I’ve reached a new stage in motherhood. The one no one told me about. That always happens right when I manage to get a little comfortable. The Messy stage. Not just my living room, or her car seat, I’m talking about my whole life. It’s messy right now. I mean don’t get me wrong, she does do things like pours a concoction of leftover juice from her plate down her shirt, with a smile on her face, much reminiscent of the cheshire cat from Alice in Wonderland. (Hotdog juice, canned peas and carrot juice, diced pear juice) Yep, that is super messy folks, but hear me out. Once again, I’m talking about my WHOLE LIFE. It’s a mess, a beautiful one.

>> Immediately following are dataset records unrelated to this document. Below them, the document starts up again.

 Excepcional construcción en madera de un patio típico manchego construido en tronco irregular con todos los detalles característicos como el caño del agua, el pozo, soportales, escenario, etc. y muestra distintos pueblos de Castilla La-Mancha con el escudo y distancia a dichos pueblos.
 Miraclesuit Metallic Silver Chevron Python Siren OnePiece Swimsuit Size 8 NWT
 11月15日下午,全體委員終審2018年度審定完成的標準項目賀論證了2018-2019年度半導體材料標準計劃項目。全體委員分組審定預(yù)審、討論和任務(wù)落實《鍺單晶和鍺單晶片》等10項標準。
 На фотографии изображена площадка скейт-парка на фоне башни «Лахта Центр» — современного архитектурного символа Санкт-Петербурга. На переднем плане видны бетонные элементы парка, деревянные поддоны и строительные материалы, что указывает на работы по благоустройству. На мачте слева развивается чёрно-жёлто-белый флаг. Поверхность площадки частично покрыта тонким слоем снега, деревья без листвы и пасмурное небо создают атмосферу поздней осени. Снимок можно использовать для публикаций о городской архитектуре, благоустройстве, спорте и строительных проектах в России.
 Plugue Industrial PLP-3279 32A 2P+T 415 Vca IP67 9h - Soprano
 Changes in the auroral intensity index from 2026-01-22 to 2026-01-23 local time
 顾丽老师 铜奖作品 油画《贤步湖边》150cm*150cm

I used to be the kind of girl who always had a dream in her heart and a daily to do list, prioritized and bullet listed with time limits. I bought an $80 planner when Violet was 4 months old. It has a section for meal plans and budgeting. I used to coupon and go to 3 different grocery stores to get the best deals. Guess how many times I’ve used that planner? You know what… let’s not talk about that. I’m pretty sure that is dried applesauce from about four months ago on the cover. Let’s talk about how now, I order groceries online via click-list. Which is fun until you have to leave the house to go get them and all your yoga pants are dirty. No joke, last week on my way to go pick them up, I had to turn back around to put on deodorant and make sure I locked the backdoor because I couldn’t for the life of me remember if I did either.

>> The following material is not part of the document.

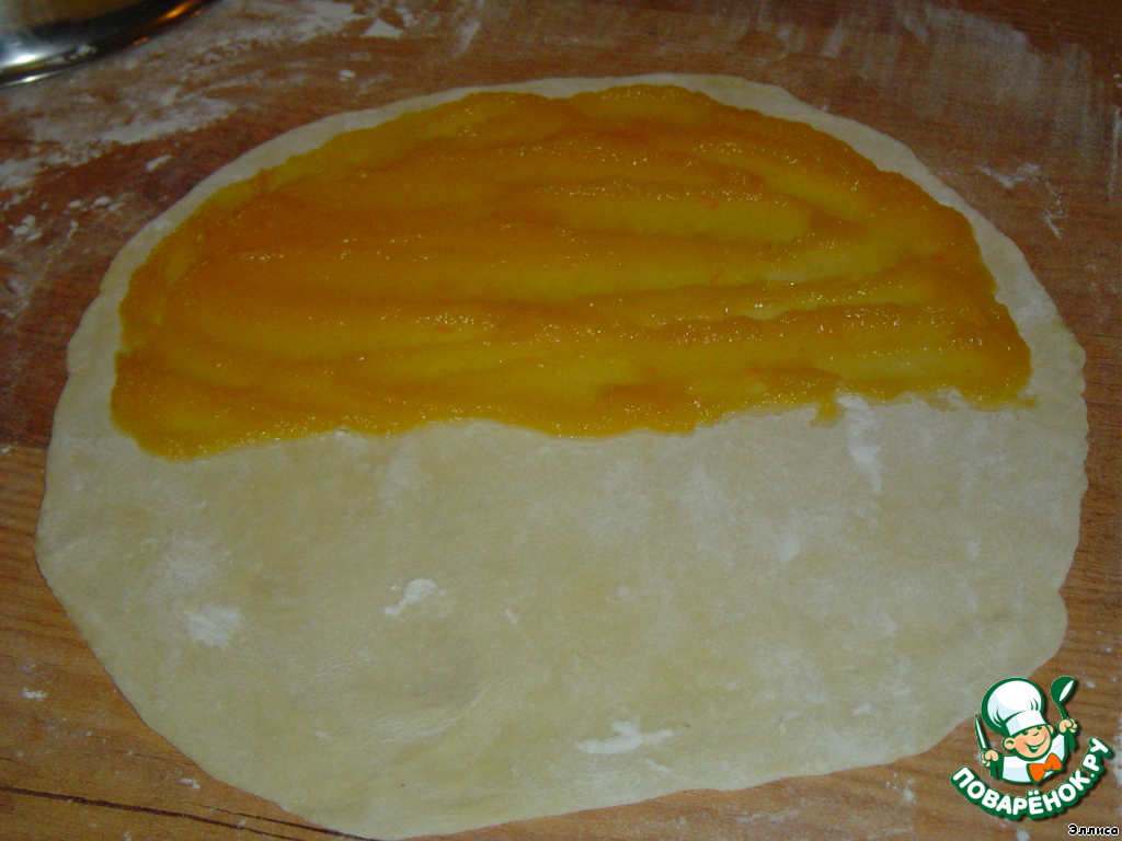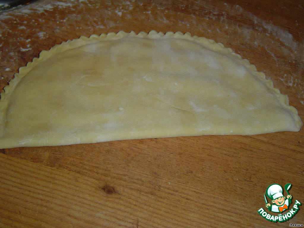 Hакрываем другой, защипываем края, придавая форму полумесяца.

I sure did remember the pacifier (clip too), raisins, cereal bar, goldfish, a sippy cup, and Elmo books. Shoes, a stuffed unicorn, the diaper bag. We weren’t even getting out of the car people! But hell hath no furry than a toddler without snacks and her unicorn!!!! Anyway, my point here is to encourage y’all to embrace the beautiful mess that might now very well be your life too. Savor those sticky fingers and teddy graham encrusted chin rolls. Stop looking at other Mothers who’s lives look perfectly in order. That’s all INSTA-Mommy propaganda anyway and you only see a corner of their living rooms. I promised you there is a reason it’s the same corner in almost every photo. WE ARE ALL A MESS! Don’t let anyone fool you.
Get off your phone and make a mess too. Break out the whipped cream paint, tickle them until they almost pee their pants (let’s not get too crazy here, we change enough diapers already.) Show them that they are the reason for the sparkle in your eyes and that you can be wild too! A Few Beautifully Messy Ideas for you and your Toddler:
•Whipped cream paint (just add food coloring)

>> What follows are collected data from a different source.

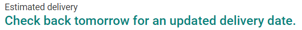Same message since yesterday afternoon. Was originally scheduled for 10/29 but I got an email from UPS about an hour ago that says 11/01, still no tracking updates though.Same message for me now! "Check back tomorrow for an updated delivery date" - was scheduled for 11/01.
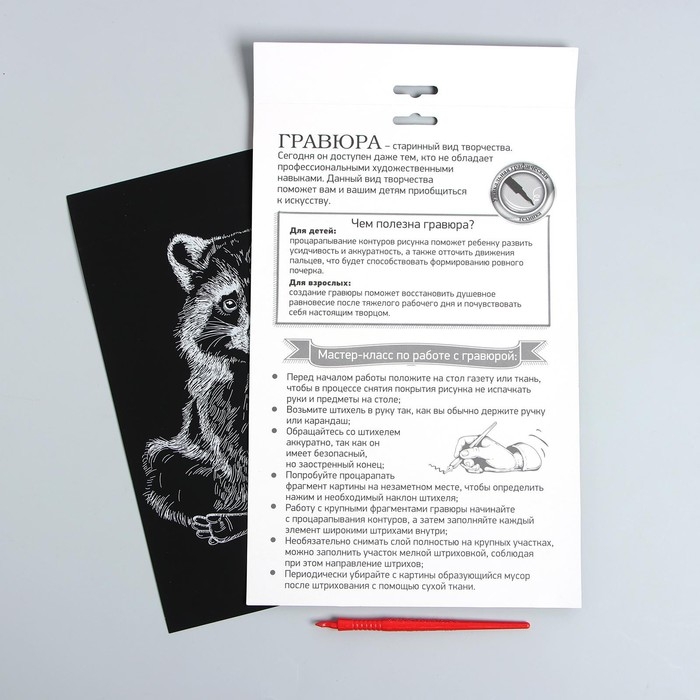 Чтобы создать невероятно красивую гравюру, достаточно процарапать намеченные контуры рисунка специальным инструментом — штихелем. И дети, и взрослые будут с удовольствием соскребать верхний слой гравюры с контурами будущей картины, под которым находится сверкающая фольга — ведь это так увлекательно!
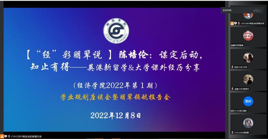 为发挥学生朋辈群体的先锋引领作用,营造良好院风、学风,12月8日下午,学院第一期“‘经’彩朋辈说”报告会通过线上腾讯会议平台进行。本次报告会特邀学院CFA11901班学生、喵了个喵武汉科技有限公司法人陈培伦主讲,学院各年级200余名本科生参加报告会。
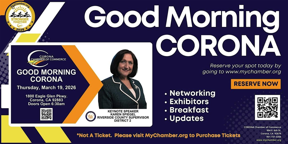 Good Morning Corona brings together the business community for a morning of networking, local updates, and valuable insights. Join us as our featured keynote speaker shares timely updates, discusses current initiatives, and highlights important issues impacting our region. Start your day with connection, knowledge, and community engagement. Tickets at MyChamber.org
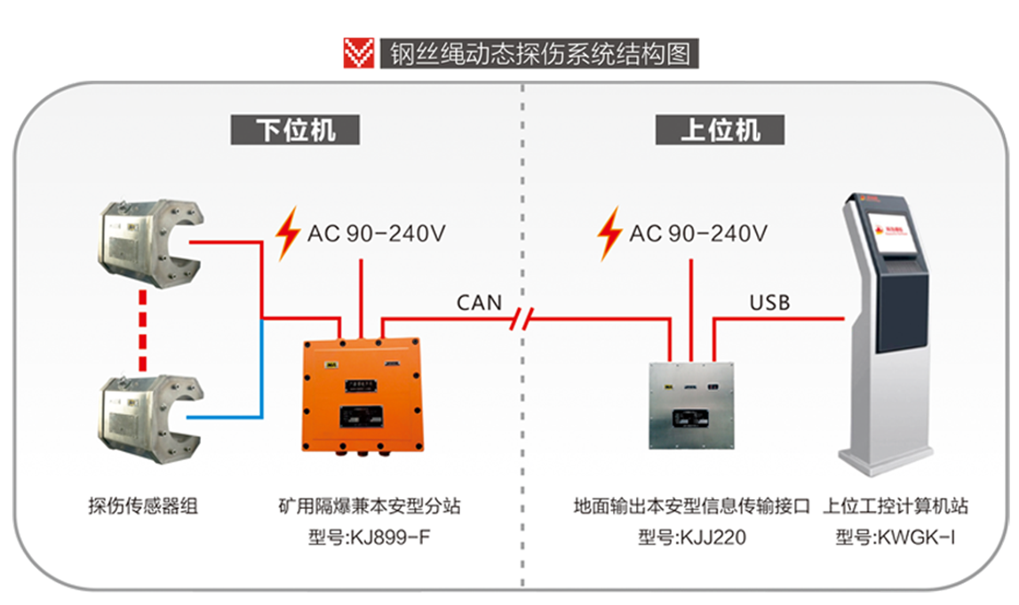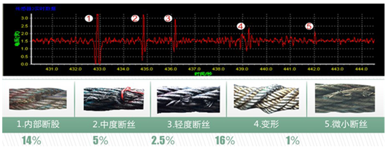 實現對鋼絲繩斷絲、變形、磨損。銹蝕、松股、跳絲等缺陷類型的在線實監控,并準確定位。
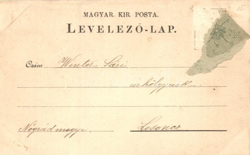Leírás: Kassa, Kosice; Fő tér lóvasúttal és Nagy szállóval, Adria üzlet / main square with horse-drawn tram and Grand Hotel, shop. Floral, litho (Rb)
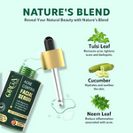 • Neem, known for its anti-aging & acne-fighting properties, works in synergy with Tea Tree Oil, which targets acne-causing bacteria. Bakuchiol, a natural alternative to retinol, smoothens fine lines & improves skin texture, while Salicylic Acid unclogs pores, preventing breakouts. Niacinamide treats blemishes, evens skin tone, & reduces inflammation, making it perfect for oily skin.
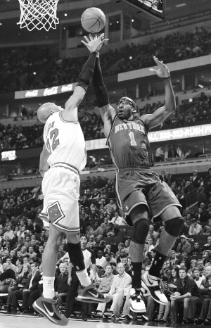 | 北京时间11月5日,在NBA常规赛中,尼克斯队球员斯塔德迈尔(右)在公牛队球员吉布森的防守下投篮。
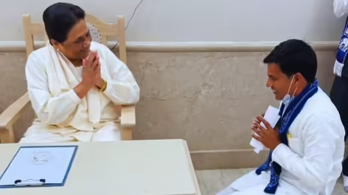 लखनऊ: उत्तर प्रदेश की पूर्व मुख्यमंत्री और बहुजन समाज पार्टी (बीएसपी) प्रमुख मायावती ने बिहार के रामगढ़ विधानसभा से इकलौते पार्टी विधायक सतीश कुमार सिंह यादव से महत्वपूर्ण मुलाकात की। इस दौरान सोशल मीडिया पर उनकी कुछ तस्वीरें वायरल हो रही हैं, जिसमें विधायक घुटनों के बल बैठे हैं और मायावती कुर्सी पर मुस्कुराते हुए दिख रही हैं।
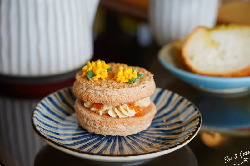 鬆軟可口的達克瓦茲也非常好吃!! 特別是中間的內餡竟然是一顆顆的飛魚卵耶
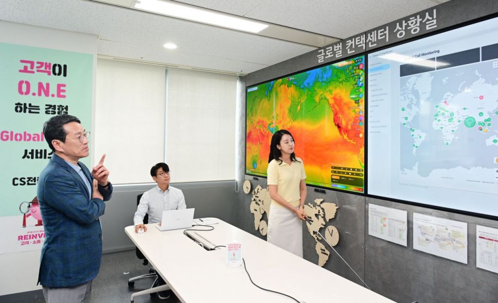 이와 함께 50여 개 해외법인 산하 60여 개 상담센터 운영 지표를 실시간으로 관리하는 글로벌 상담센터 통합 상황실도 점검했다. 그중에서 글로벌 고객의 불편 사항을 빠르게 파악해 대응하는 '호크아이' 활용 현황을 꼼꼼히 확인했다. 호크아이는 상담 데이터나 온라인 트렌드를 모니터링, 선제적으로 고객 페인포인트를 찾고 개선하는 시스템이다. AI 상담 인프라를 이용해 언어와 지역, 시간의 경계 없는 24시간 다국어 응대 시스템 구축도 살폈다. LG전자는 유럽 지역에서 통합 챗봇을 운영하며 중장기 무인상담률을 50%까지 늘릴 계획이다.

*Pro tip- Do it in the bath tub!
• $1 paint kits from Target with a plastic placemat under it.
•$8 plastic pool from Walmart and plastic toys they all ready have. Something about me sitting in there with her makes her day! You can do this indoor without water too.
• Paint in Zip lock bags, taped to the table. You can also add baby oil and food coloring! LESS MESS, SO MUCH FUN!